PROBLEM: Every line from the top of the records below through the one containing "fan, @paris2000s, added." must be copied exactly, and the pictures must not be.

EXERCISE DATA:
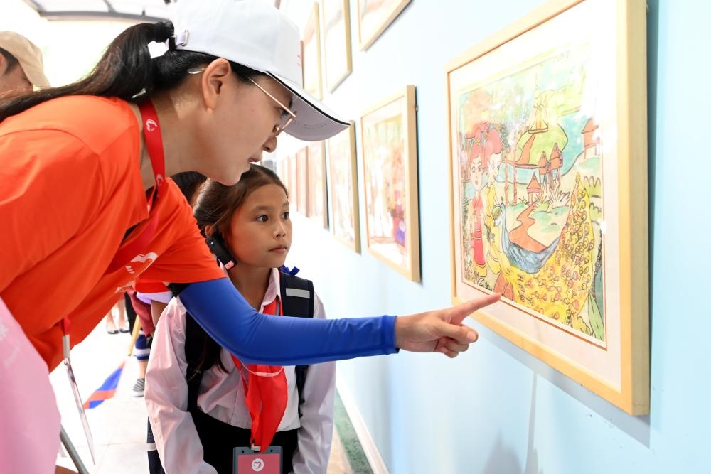 △2023年5月24日,乘坐中老鐵路國(guó)際旅客列車的百名老撾學(xué)生抵達(dá)中國(guó)云南西雙版納,和中國(guó)學(xué)生開(kāi)展聯(lián)誼活動(dòng)。圖為志愿者向老撾學(xué)生講解允景洪小學(xué)內(nèi)展出的學(xué)生畫(huà)作。
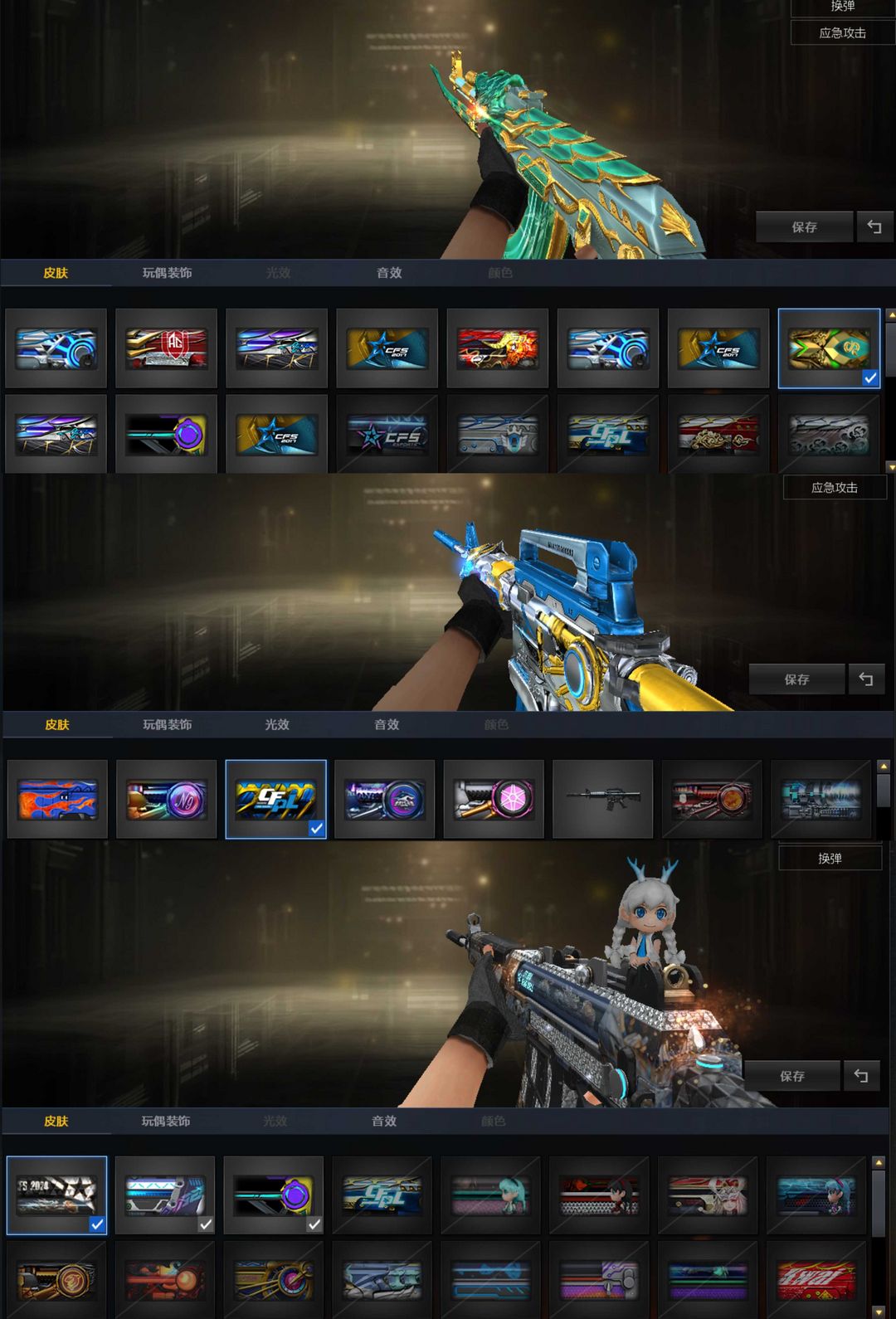 神威天绫加利尔KZ荣耀世冠9皮幻神星神裁决三件套✨圣谕鹰极地霜雄雷暴王者冥王无冕G36蝴蝶刀音效卡全
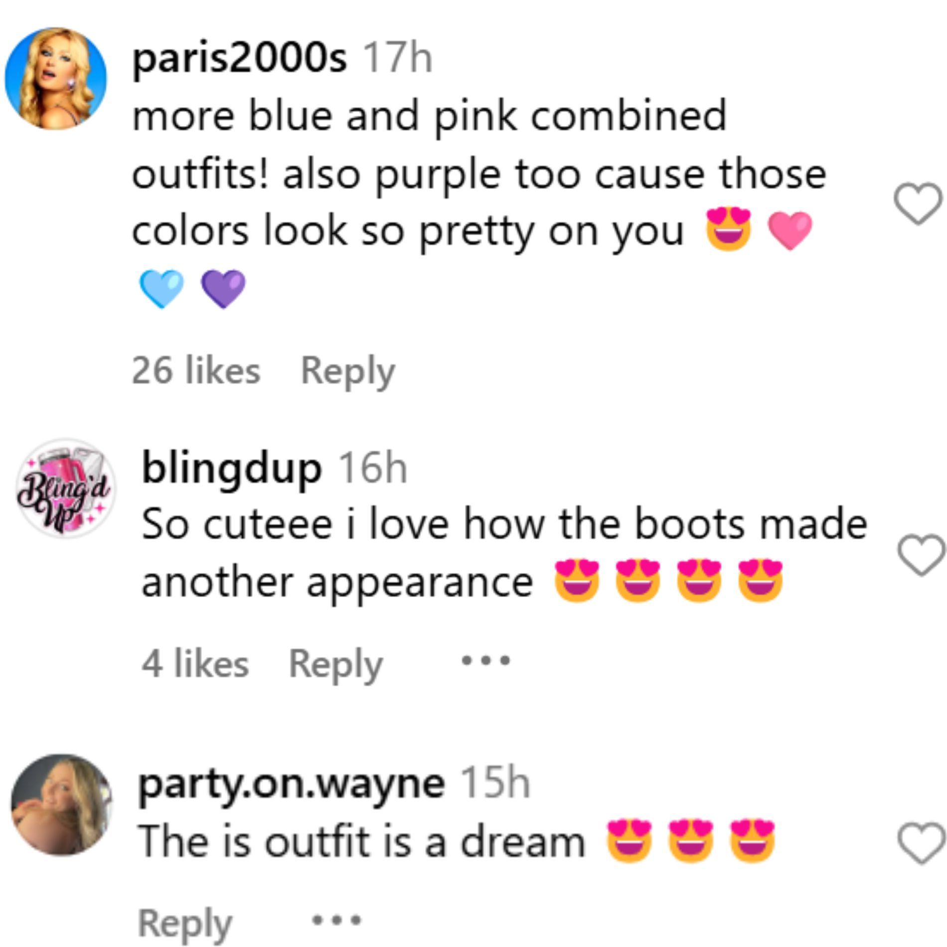 "more blue and pink combined outfits! also purple too cause those colors look so pretty on you 😍🩷🩵💜," a Paris fan, @paris2000s, added.
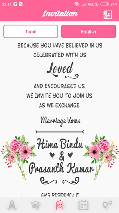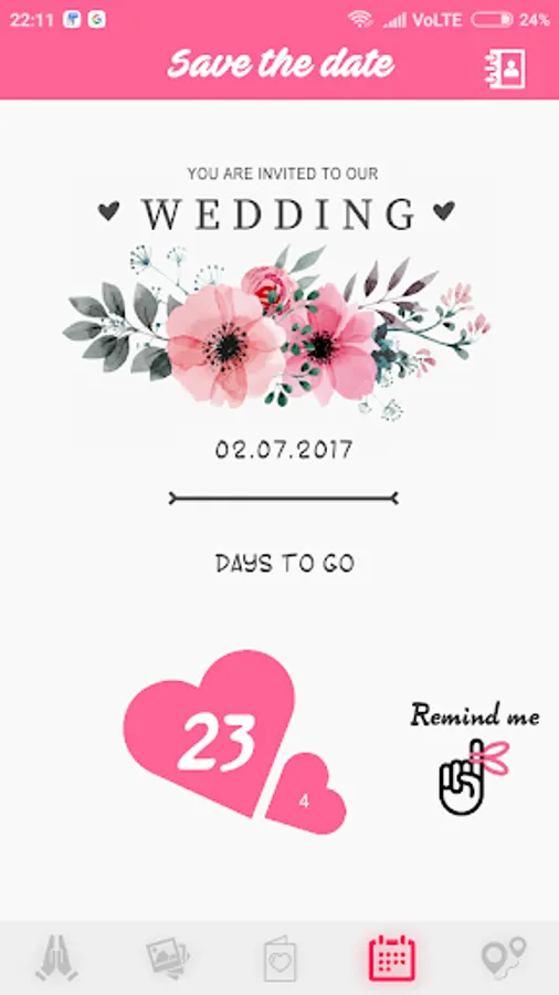 A completely customised and personalised wedding invite app with multi-lingual support, photo gallery of bride & groom, reminder and maps to ensure a hassle free and a comfortable journey for the guest.
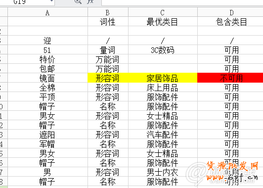 我們看A類:是標題拆分后的一個結果,B類是詞性,C類是最優(yōu)類目,D類是該寶貝的最優(yōu)類目的包含情況,以上數據采集來自數據魔方。
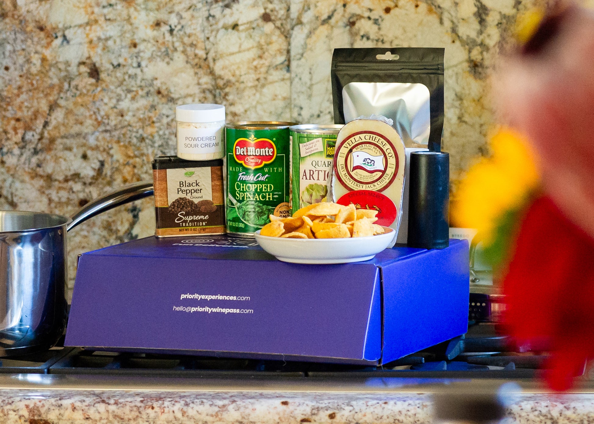 Each kit includes all the premium ingredients you’ll need to make the Classic Artichoke Dip.  Enhance the experience with a pairing option! Add two beers starting at $25 or a half-bottle of wine from $30 to perfectly complement the treats.
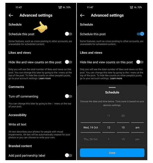 - Tap ‘Schedule this post’
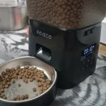 i'm so happy with this automatic pet feeder. the stainless steel bowl is sturdy and easy to clean. setting up the feeding schedule was simple, and it works flawlessly. my pet gets fed on time, and i don’t have to worry about rushing home to feed them. the portion control is spot on. it’s a great investment for pet owners.
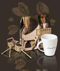 Jeżeli wydaje Ci się, że już rozgryzłeś tajemnicę czekoladowych doznań, sięgnij po ChocoSticks. Odkryjesz czekoladę na nowo w jej najgorętszym wydaniu. ChocoSticks to czekoladowe sześciany umieszczone na poręcznych patyczkach. Gorąca czekolada w formie ChocoSticks dostępna jest w czterech smakach: czekolady ciemnej, mlecznej, orzechowej i pomarańczowej z dodatkiem likieru cointreau.
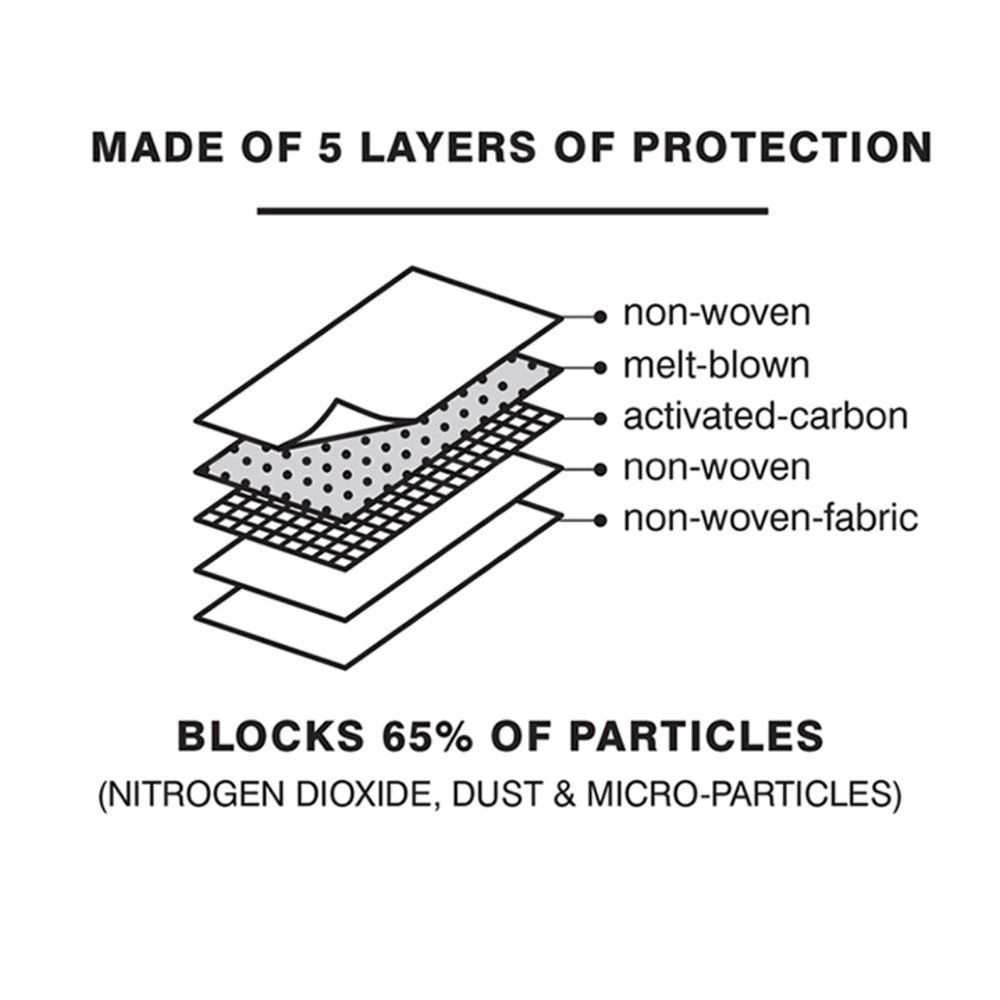 These Swiss Mobility mask filters have 5 layers of protection and stop 65% of particles in the air (nitrogen dioxide, dust and microparticles). Best protection after the N95 mask. Good for 3 days if worn full time, otherwise change after 5 days. Pack of 10 filters. For TAC1143SMLW masks.
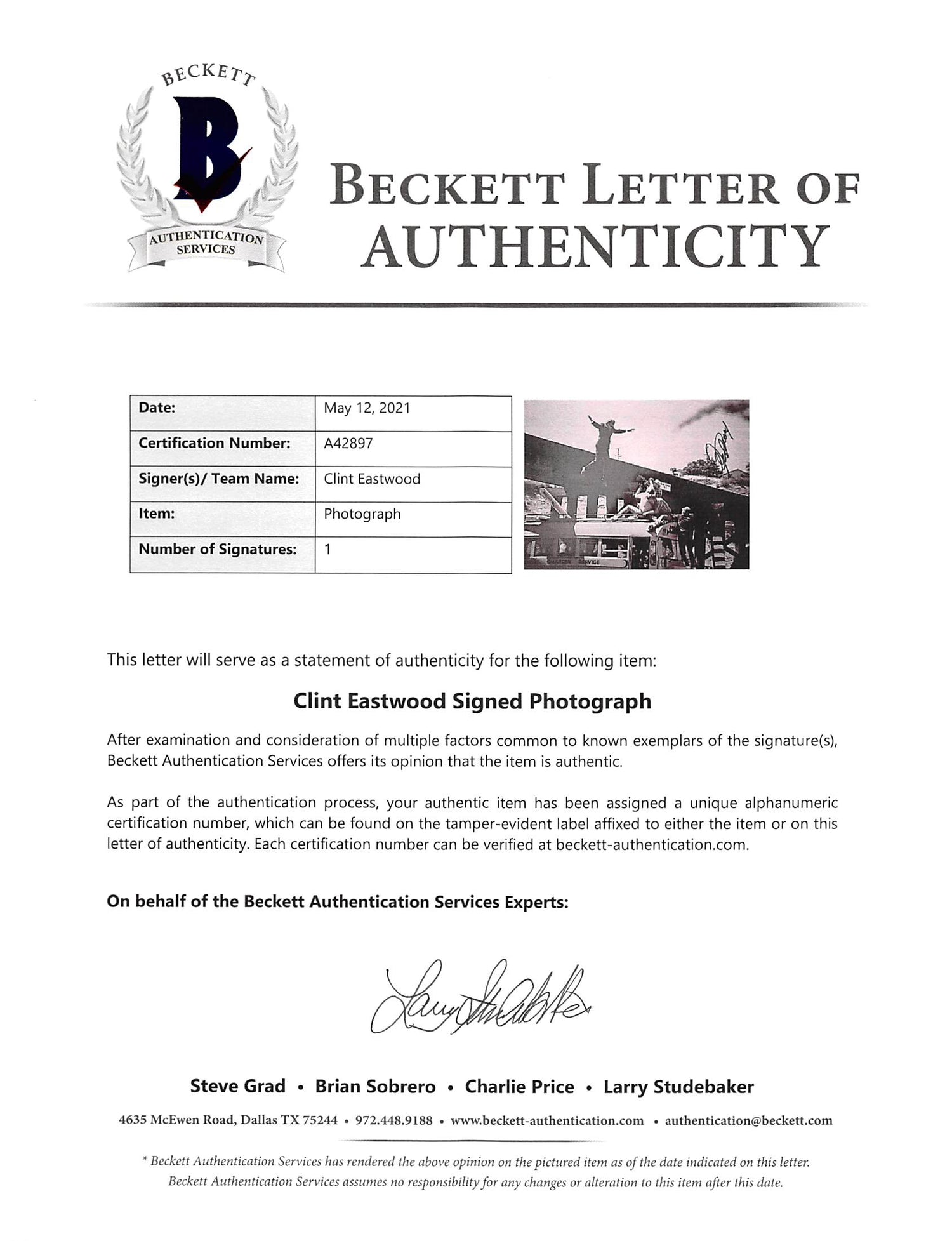 Enhance your memorabilia collection with this officially authenticated Clint Eastwood autographed photo—a timeless tribute to the iconic Dirty Harry legacy. Don't miss your chance to own a piece of Hollywood history!

EXPECTED ANSWER:
 △2023年5月24日,乘坐中老鐵路國(guó)際旅客列車的百名老撾學(xué)生抵達(dá)中國(guó)云南西雙版納,和中國(guó)學(xué)生開(kāi)展聯(lián)誼活動(dòng)。圖為志愿者向老撾學(xué)生講解允景洪小學(xué)內(nèi)展出的學(xué)生畫(huà)作。
 神威天绫加利尔KZ荣耀世冠9皮幻神星神裁决三件套✨圣谕鹰极地霜雄雷暴王者冥王无冕G36蝴蝶刀音效卡全
 "more blue and pink combined outfits! also purple too cause those colors look so pretty on you 😍🩷🩵💜," a Paris fan, @paris2000s, added.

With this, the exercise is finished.